┏━━

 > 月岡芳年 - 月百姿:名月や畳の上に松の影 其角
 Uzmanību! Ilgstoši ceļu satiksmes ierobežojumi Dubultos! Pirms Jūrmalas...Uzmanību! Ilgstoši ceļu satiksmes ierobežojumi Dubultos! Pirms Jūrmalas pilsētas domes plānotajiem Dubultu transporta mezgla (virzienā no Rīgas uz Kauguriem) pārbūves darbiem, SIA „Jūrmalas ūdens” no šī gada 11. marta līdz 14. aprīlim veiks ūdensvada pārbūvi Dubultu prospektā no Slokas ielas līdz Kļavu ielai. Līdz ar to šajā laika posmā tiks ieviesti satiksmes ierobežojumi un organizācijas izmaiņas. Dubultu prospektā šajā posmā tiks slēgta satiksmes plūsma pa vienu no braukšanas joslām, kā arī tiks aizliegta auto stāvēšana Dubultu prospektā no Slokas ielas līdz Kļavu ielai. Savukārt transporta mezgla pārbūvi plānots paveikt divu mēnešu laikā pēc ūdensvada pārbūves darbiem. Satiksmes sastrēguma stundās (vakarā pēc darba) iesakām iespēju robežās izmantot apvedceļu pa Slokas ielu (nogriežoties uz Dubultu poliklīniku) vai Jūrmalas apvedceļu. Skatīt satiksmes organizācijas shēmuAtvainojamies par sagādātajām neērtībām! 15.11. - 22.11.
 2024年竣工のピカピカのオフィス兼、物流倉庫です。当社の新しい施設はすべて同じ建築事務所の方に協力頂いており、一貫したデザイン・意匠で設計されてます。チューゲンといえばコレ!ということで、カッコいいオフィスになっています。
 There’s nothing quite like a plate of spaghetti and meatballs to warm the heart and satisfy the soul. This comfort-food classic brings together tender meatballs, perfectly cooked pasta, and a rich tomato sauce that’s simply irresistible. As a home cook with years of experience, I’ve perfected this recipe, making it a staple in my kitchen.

┗━━

**WORK ORDER:**
Return the whole listing above verbatim.

**ANSWER TO THIS EXERCISE:**
 > 月岡芳年 - 月百姿:名月や畳の上に松の影 其角
 Uzmanību! Ilgstoši ceļu satiksmes ierobežojumi Dubultos! Pirms Jūrmalas...Uzmanību! Ilgstoši ceļu satiksmes ierobežojumi Dubultos! Pirms Jūrmalas pilsētas domes plānotajiem Dubultu transporta mezgla (virzienā no Rīgas uz Kauguriem) pārbūves darbiem, SIA „Jūrmalas ūdens” no šī gada 11. marta līdz 14. aprīlim veiks ūdensvada pārbūvi Dubultu prospektā no Slokas ielas līdz Kļavu ielai. Līdz ar to šajā laika posmā tiks ieviesti satiksmes ierobežojumi un organizācijas izmaiņas. Dubultu prospektā šajā posmā tiks slēgta satiksmes plūsma pa vienu no braukšanas joslām, kā arī tiks aizliegta auto stāvēšana Dubultu prospektā no Slokas ielas līdz Kļavu ielai. Savukārt transporta mezgla pārbūvi plānots paveikt divu mēnešu laikā pēc ūdensvada pārbūves darbiem. Satiksmes sastrēguma stundās (vakarā pēc darba) iesakām iespēju robežās izmantot apvedceļu pa Slokas ielu (nogriežoties uz Dubultu poliklīniku) vai Jūrmalas apvedceļu. Skatīt satiksmes organizācijas shēmuAtvainojamies par sagādātajām neērtībām! 15.11. - 22.11.
 2024年竣工のピカピカのオフィス兼、物流倉庫です。当社の新しい施設はすべて同じ建築事務所の方に協力頂いており、一貫したデザイン・意匠で設計されてます。チューゲンといえばコレ!ということで、カッコいいオフィスになっています。
 There’s nothing quite like a plate of spaghetti and meatballs to warm the heart and satisfy the soul. This comfort-food classic brings together tender meatballs, perfectly cooked pasta, and a rich tomato sauce that’s simply irresistible. As a home cook with years of experience, I’ve perfected this recipe, making it a staple in my kitchen.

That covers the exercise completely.